THE SURGEON WHO REMOVED THE FIVE-YEAR-OLD BOY’S TONSILS in 1959 had never seen anything like them. Instead of pinkish lobes, the boy’s tonsils were huge and orange. Thinking that their extraordinary appearance might signal a rare malignancy, the surgeon sent the tonsils to the Armed Forces Pathology Institute in Washington, D.C. Though researchers there found no cancer, they did discover the reason for the tissue’s abnormal size and color: Its cells were bloated with cholesterol. That prompted a call to a leading cholesterol expert, the National Heart Institute’s Don Fredrickson, who packed his medicine bag and took a ferry to the boy’s home on Tangier Island, 12 miles off the coast of Virginia.

John Smith, of Jamestown fame, discovered the island in 1608, its stretches of pale sand reminding him of North Africa’s Tangier. To Fredrickson, 350 years later, the island seemed a likely place for a rare, inherited condition to become more prevalent than it could ever be in a more diverse, widely dispersed population. A handful of families had settled Tangier in 1686, and its inhabitants had remained physically and genetically isolated. After a cholera epidemic forced the island’s evacuation in 1866, many families never returned, and the gene pool became even smaller.
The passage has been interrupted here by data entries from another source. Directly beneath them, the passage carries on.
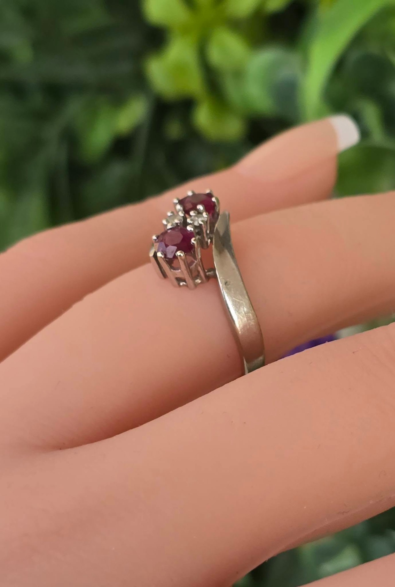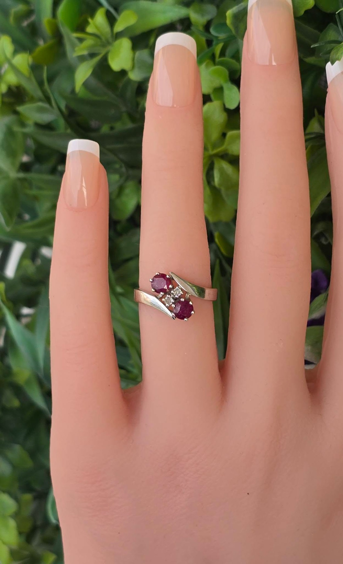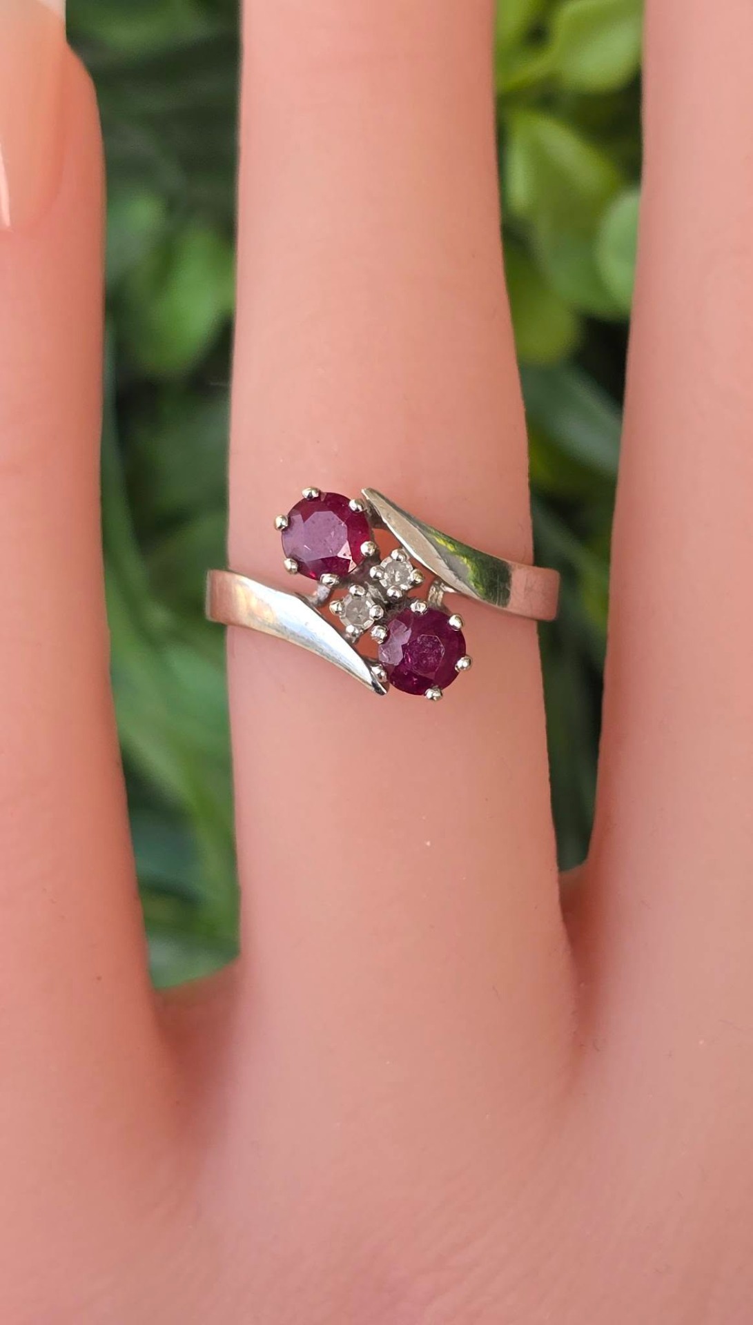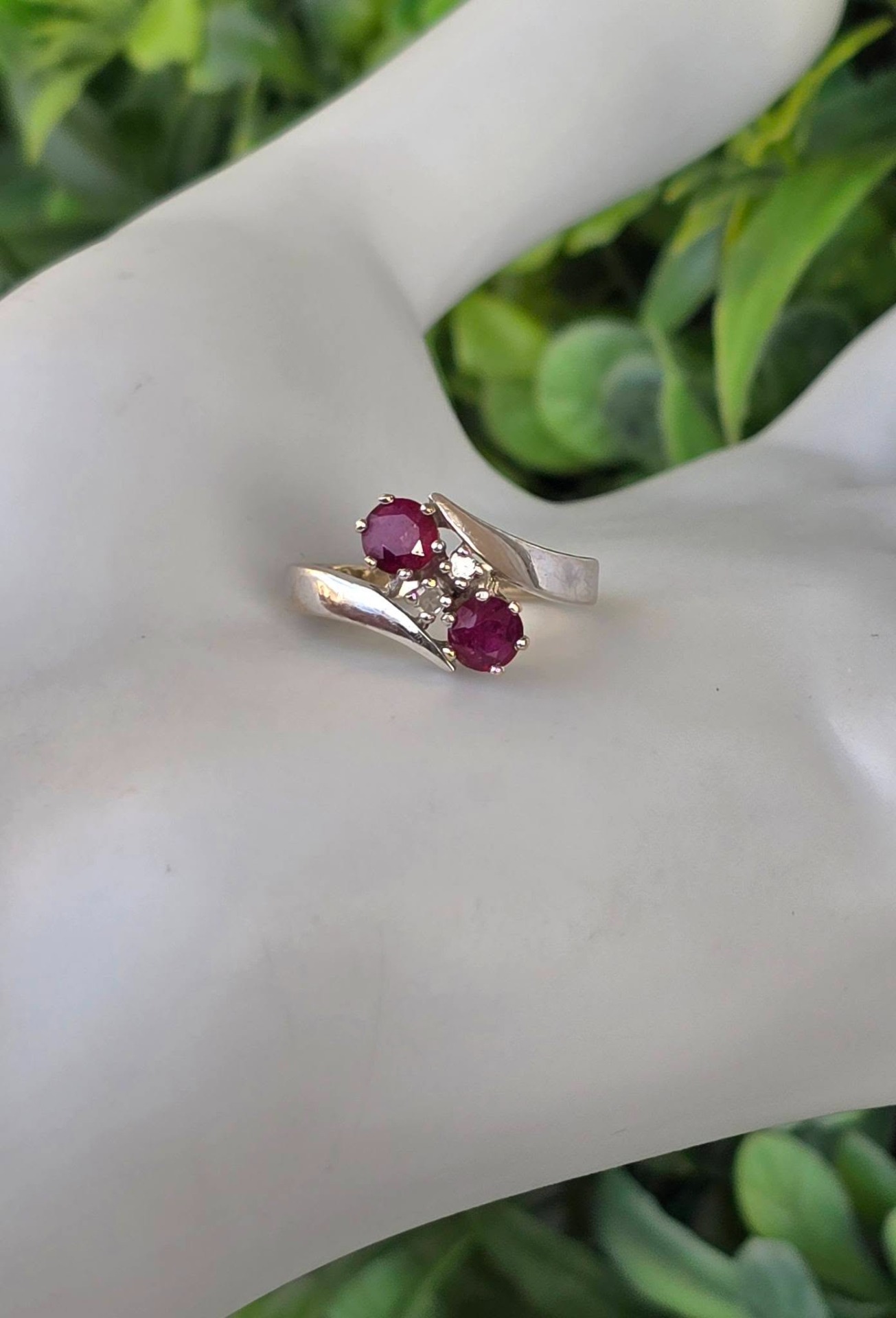 Inel vechi din aur de 14K, cu 2 rubine și 2 diamante naturale.
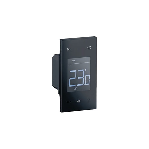 Termostato serie Living Now da incasso dotato di display retroilluminato e sonda incorporata per monitoraggio della temperatura ambiente . Utilizzato per gestire diversi tipi di sistemi di riscaldamento/raffrescamento (Fan Coil Units, valvole di riscaldamento/raffreddamento) in combinazione con controller KNX per il condizionamento/riscaldamento art. 002672/73/74/76/78/79 o art. 0 028 90. Regolazione del set-point di temperatura, della velocità della ventola e delle modalità di funzionamento. Installazione ad incasso - Dimensioni 2 moduli - Colore nero.
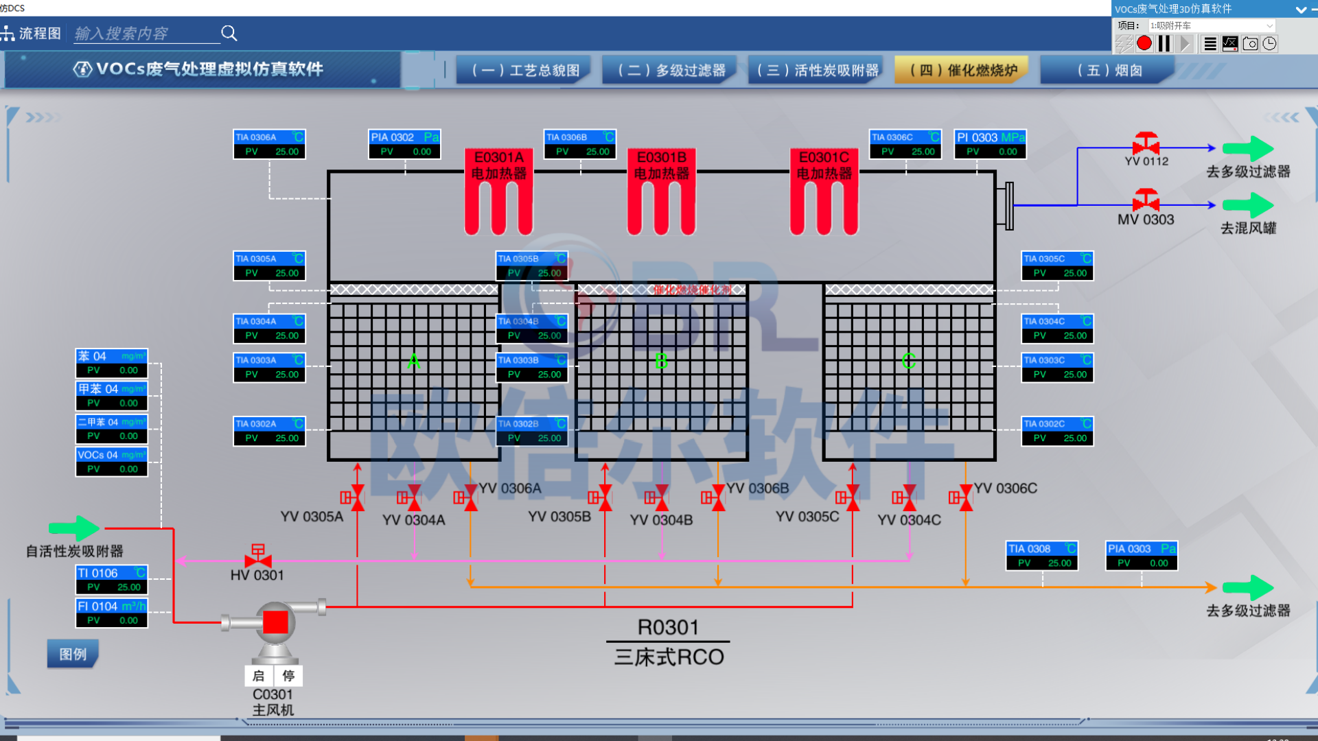 挥发性有机物(VOCs)净化及资源化工艺虚拟仿真综合实验仿真软件
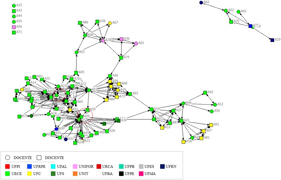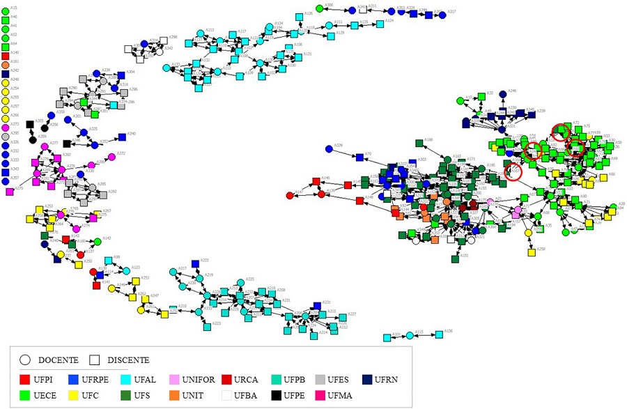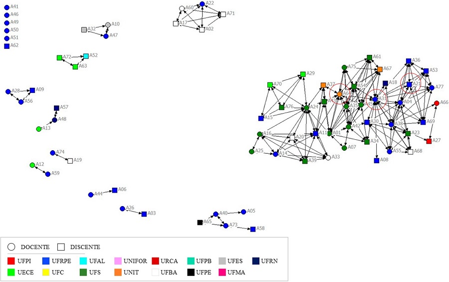 The formation of several connections by these actors showed different flows in their research relationships, especially researchers linked to UECE, UFS, and UFRPE focal points, in addition to UFC focal point and UNIFOR, associated to UECE focal point, who intermediated and centralized many connections.
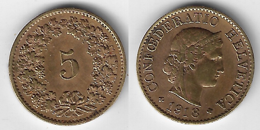 | 78696 | Suíça, 5 Rappen, 1918, Bronze, KM-26a, Ø 17 mm, S | 80,00 | Foto |
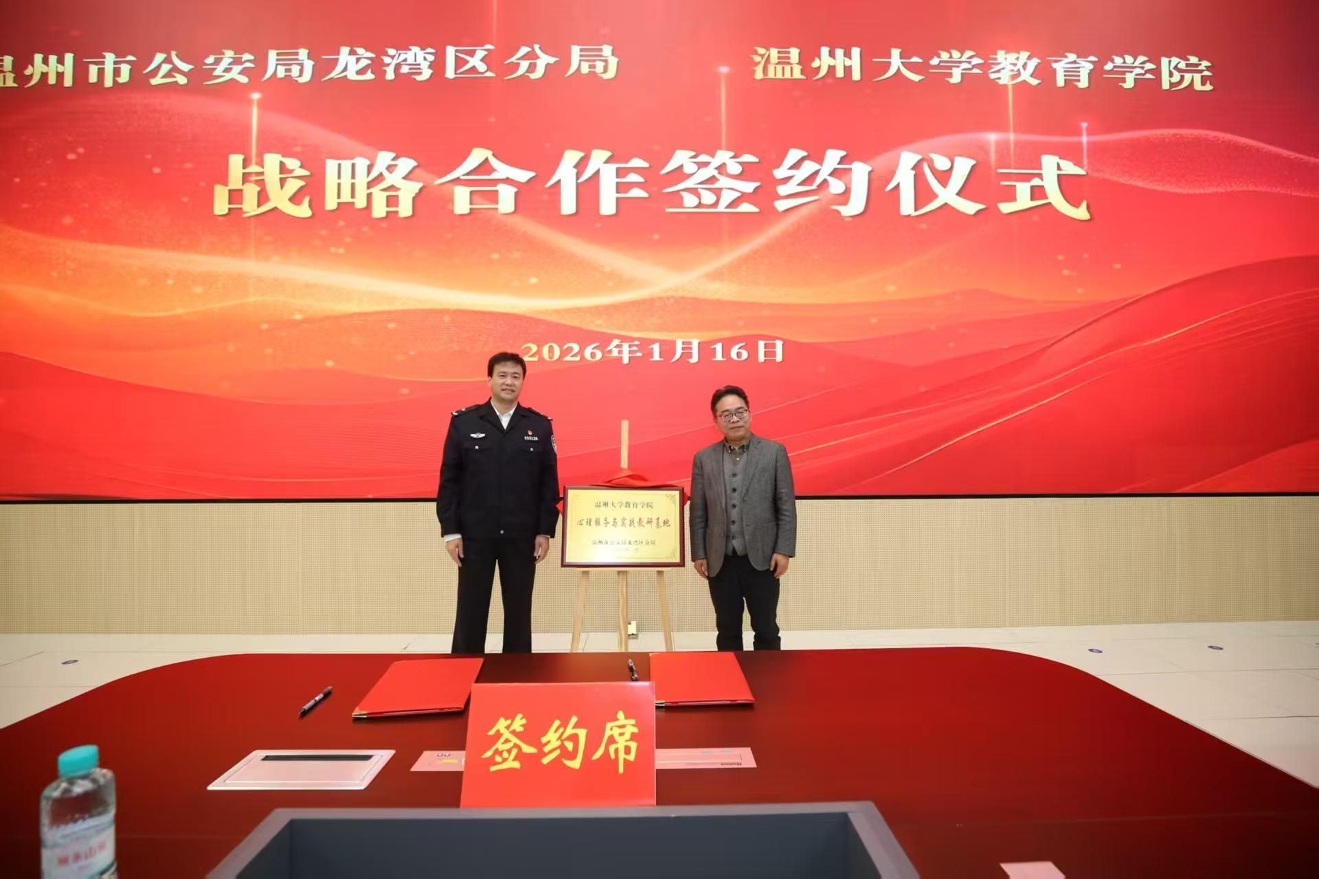 随后,双方共同签署《龙湾区公安分局与财神捕鱼 战略合作框架协议》,并为“龙湾区公安分局心理服务与人才培训合作基地”揭牌。根据协议,双方将围绕心理服务体系共建、教官培养与课程体系建设、警务人才梯队培养等重点领域开展系统合作。

Looking down the throats of almost everyone on the island, Fredrickson found only one other set of big orange tonsils, in the boy’s sister. That told him this was probably a recessive genetic condition that followed the inheritance pattern first defined by Gregor Mendel in his famous pea experiments. In the case of Huntington’s disease and a few other Mendelian maladies, the defect is dominant, and children who inherit a copy of the affected gene from just one parent will develop the disease. In other conditions, including cystic fibrosis and sickle cell anemia, the gene is recessive: Both parents must pass it along for the child to get sick.

Tangier disease, as the boy’s condition came to be known, was indeed recessive. “The kids with two copies of the defective gene had no HDL [high-density lipids], the good form of cholesterol, in their blood,” says Mason Freeman, an expert on cholesterol metabolism at Massachusetts General Hospital. “The parents, with just one defective copy each, had some HDL, but much lower levels than the average person.” HDL normally helps cells get rid of their excess cholesterol; without HDL, too much cholesterol accumulates—leading, in this case, to swollen orange tonsils.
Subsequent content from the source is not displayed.